Book by Miral al-Tahawy

First edition

Brooklyn Heights is the fourth novel by Egyptian writer Miral al-Tahawy. It was shortlisted for the Arabic Booker Prize for 2011 and won the 2010 Naguib Mahfouz Medal for Literature The novel, released in Arabic in 2010, was published in an English translation by Sameh Salim from the American University in Cairo Press the following year. Al-Tahawy holds a doctorate in Arabic literature from Cairo University and teaches at Arizona State University in Phoenix, Arizona.

Miral Al-Tahawy, a member of the Al-Hanadi tribe, grew up in a conservative Bedouin village in the eastern Nile Delta. Although "Brooklyn Heights" takes place in the present day, soon after President Obama's election in 2008, her family life and the influence of Bedouin tribal customs, are told in flashbacks. The highly autobiographical novel relates the emigrant experience in New York City of an Egyptian Bedouin woman and her son.

== Plot summary ==

Hend and her 8-year-old son move to Flatbush Avenue in Brooklyn Heights, Brooklyn. in an attempt to escape her failed marriage and the restrictiveness of her family. The story juxtaposes Hend and her son and their attitudes towards the United States. While everything around Hend reminds her of her homeland, her son feels at ease with American culture. Her fortune at a Chinese restaurant triggers a flashback to her life in the Nile Delta.

Hend's father was a lawyer who chose to stroll around town in elegant clothing instead of practicing law. In the evenings he often held meetings in the reception house with his friends.

Hend's parents fought over money daily, and it put an extreme strain on their marriage. Similar to her parents, Hend was also involved in a disconsolate marriage that ended with her husband leaving her.

A few months after Hend's husband left her, he returned to the house where he found her and her son playing basketball outside and asked to join them. Hend's son ends up scoring 57 points and 37 rebounds which incited Hend to take her son to Brooklyn for professional team tryouts.

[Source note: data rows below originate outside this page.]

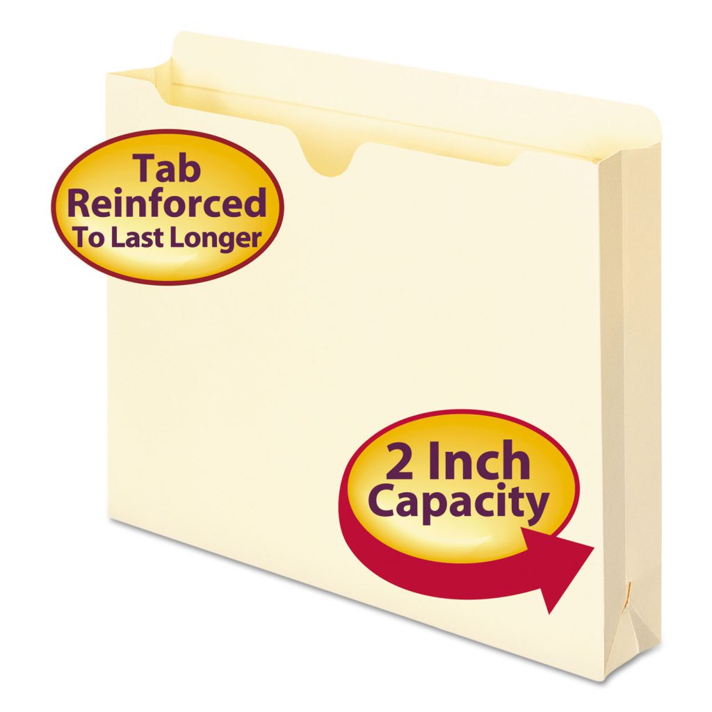 Great way to transport files out of the office. Closed sides keep papers secure. Straight cut tab. Thumb cut for easy access to documents. Back tab is 1/2″ higher than front for indexing. Reinforced Double-Ply Tab. Number of Sections: 1; Tab Cut: Straight; Size: Letter; Punched/Unpunched: Unpunched.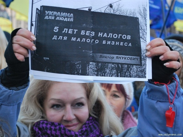 Одна з найбільших акцій протесту з часів Помаранчевої революції зібрала 25 листопада на Майдані незалежності тисячі підприємців, студентів та звичайних громадян, котрі невдоволені політикою діючого уряду.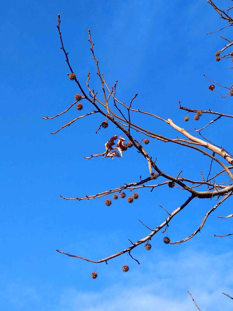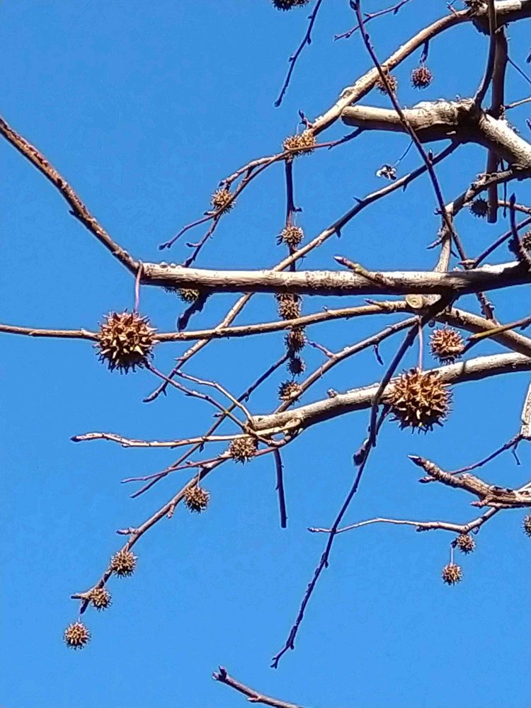 青空を背景に、トゲトゲのおもしろい実・モミジバフウの実です。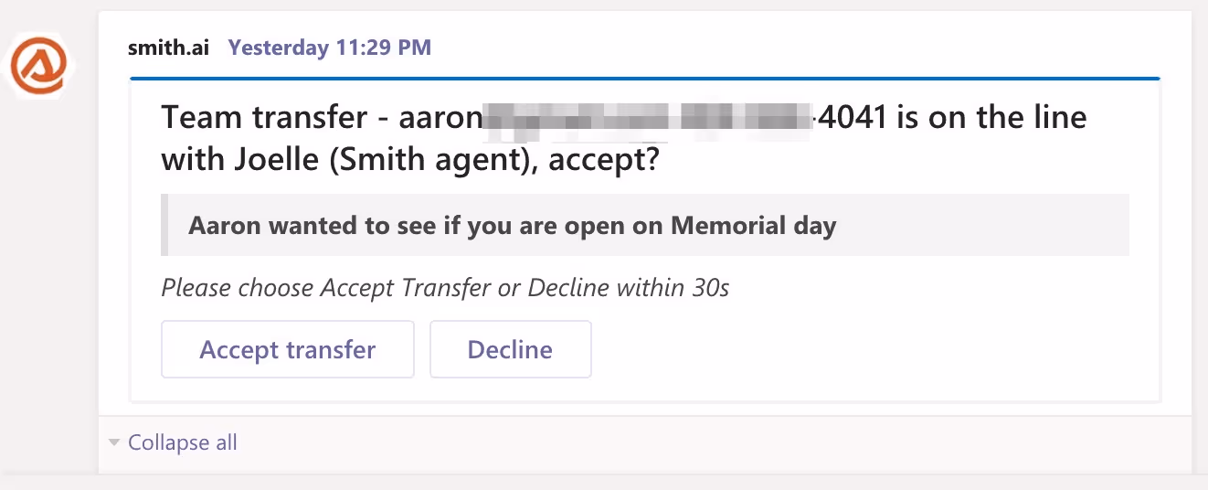 At Smith.ai, we are always seeking new ways to work on the platform you already use. So, rather than notifying you of a call transfer via phone, we can ping a Teams channel instead. The notification will appear on your computer, tablet, and phone — anywhere you have the app installed. And with a quick glance at the caller details (name and why they called), you can click to accept or reject the transfer.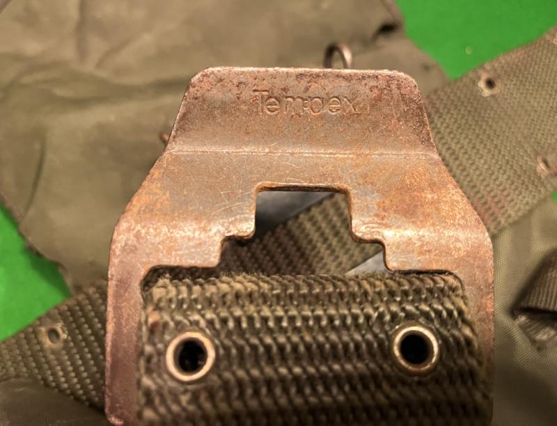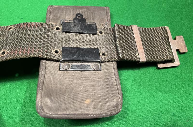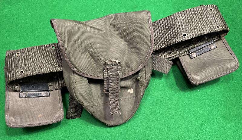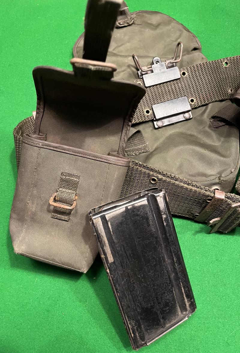 A set of Argentinian, nylon Tempex webbing consisting of belt, 2 x magazine pouches and entrenching tool cover complete with one FN magazine. Typical of souvenirs bought back from the Falkands, grubby from use and lightly rusted metal fittings with buckle clearly marked ' Tempex '.

Hend relocated to Brooklyn with the visa she inherited from her husband. She dreams of being a writer but instead finds a job at Dunkin' Donuts in the oldest neighborhood of Arab-American immigrants, the "Brooklyn Gulf". She takes English lessons at night, hoping to find a respectable job, such as a painter, a writer, or an actress.

Hend takes tango lessons from an American man in her apartment building and dates him a couple of times, but he quickly moves on to one of her friends, who spends nights with him. Her friendships with women are equally brief.

She reads poetry to Ziyad, a Palestinian baker who dreams of making movies like Pulp Fiction. Finally, both their dreams come true. He shoots a short film about an Arab immigrant family, with Hend playing the mother.